В здании аэропорта его встречали человек пятнадцать. Папа не мог сдерживать слёз радости от переполнявшей его гордости, поэтому притворялся простывшим и всё время сморкался, заодно вытирая глаза. Мама плакала не скрывая, трогала своего мальчика, разглядывала, любовалась. Кто может быть для матери красивее детей? Она помолодела от счастья лет на десять. Старшие братья, приосанившись и приодевшись в лучшие свои костюмы, старались соответствовать такому образованному родственнику, пытаясь напустить на себя важный вид. Их причёсанные дети стояли, как караульные возле Кремля, в костюмах, похожих на папины, а замыкали строй очень нарядные жёны с дочками на руках. Получалось весело. Младший, замерев, не отрывая взгляда, ловил каждое слово, каждый жест подзабытого за время его взросления брата. Сестра Лейла, недавно вышедшая замуж и располневшая от беременности, гордо стояла под руку с мужем адвокатом, увёзшим её в красивый дом древнего города Триполи на другом конце Ливана. Был ещё сосед с автобусом, на котором все приехали и у которого дочь – красавица на выданье. Он был счастлив первым оказать услугу доктору. Кто знает, может, породнятся, хорошее ведь всегда в памяти откладывается. Приехал мухтар – главный в городе человек. Дедушка, который периодически забывал, куда и зачем его привезли, но это самый важный человек в семье и все ему терпеливо напоминали. Особенно трогательна была младшая сестра, которой было десять лет. Для неё он был идеальный мужчина, самый умный, добрый. Она ничего не спрашивала, просто смотрела на него во все глаза, затаив дыхание. И когда, заметив её восхищенный взгляд, он подхватил её на руки, то, не способная сдержать нахлынувшей радости, она уткнулась от смущения ему в плечо и обхватила тоненькими ручками за шею. Он слышал, как колотится её взволнованное сердечко.

И как? Скажите на милость, как он бы мог не вернуться? Прости, Анжела, это кровь моя, душа моя, в каждом из этих людей от старого дедушки до моей милой птички-сестрички. Возможно, я буду единственным мужчиной в её жизни, на которого она сможет рассчитывать. И что же, отвернуться от своих обязательств, поставив во главу угла «хочу»? Нет! Мужчина должен быть в первую очередь ответственен за свою семью. За ту, в которой родился и за жену, которая войдёт в семью. Он не имеет права разделять, разрывать её. Семья – это колодец с глубиной, из которого звезды днём видны.

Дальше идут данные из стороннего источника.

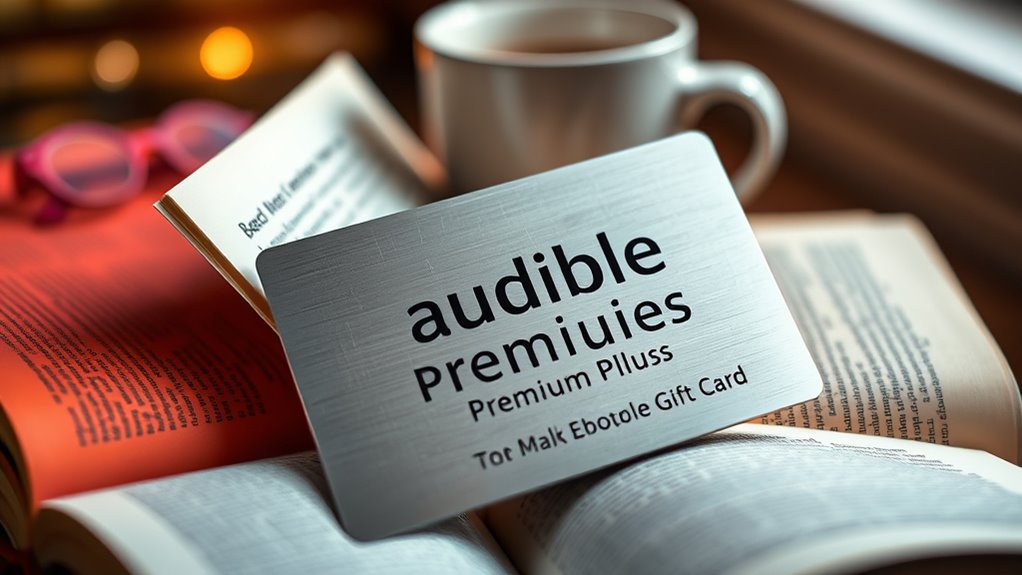 If you want to surprise any book lover, the best choice is an Audible Premium Plus gift membership. It offers access to over 600,000 titles, including audiobooks, podcasts, and exclusive content, all adaptable for the recipient’s tastes. You can choose a flexible gift duration and delivery method, making it perfect for any occasion. Keep watching to discover how to pick the perfect option and guarantee your gift truly delights.

Жизнь на родине потекла стремительно. Каждый день возникали новые проблемы и дела, требующие неотложных решений. Хождение по различным инстанциям, очереди, ожидание. В течение нескольких недель он занимался оформлением документов, затем началась подготовка к сдаче экзамена для подтверждения диплома, обязательного для всех выпускников, получивших высшее медицинское образование в другом государстве. После обеда дома встречали бесконечных посетителей, приходивших поприветствовать его. Параллельно он взял в аренду две комнаты в здании, где располагались кабинеты немногочисленных в то время докторов, красиво оформил их, закупил в кредит оборудование и постепенно готовился к работе. Дни были загружены до предела, поэтому времени для тоски и воспоминаний почти не оставалось. С первыми пациентами появилась и пьянящая радость опыта самостоятельной практики. Сложные случаи заставляли постоянно совершенствоваться, обновляя и пополняя знания.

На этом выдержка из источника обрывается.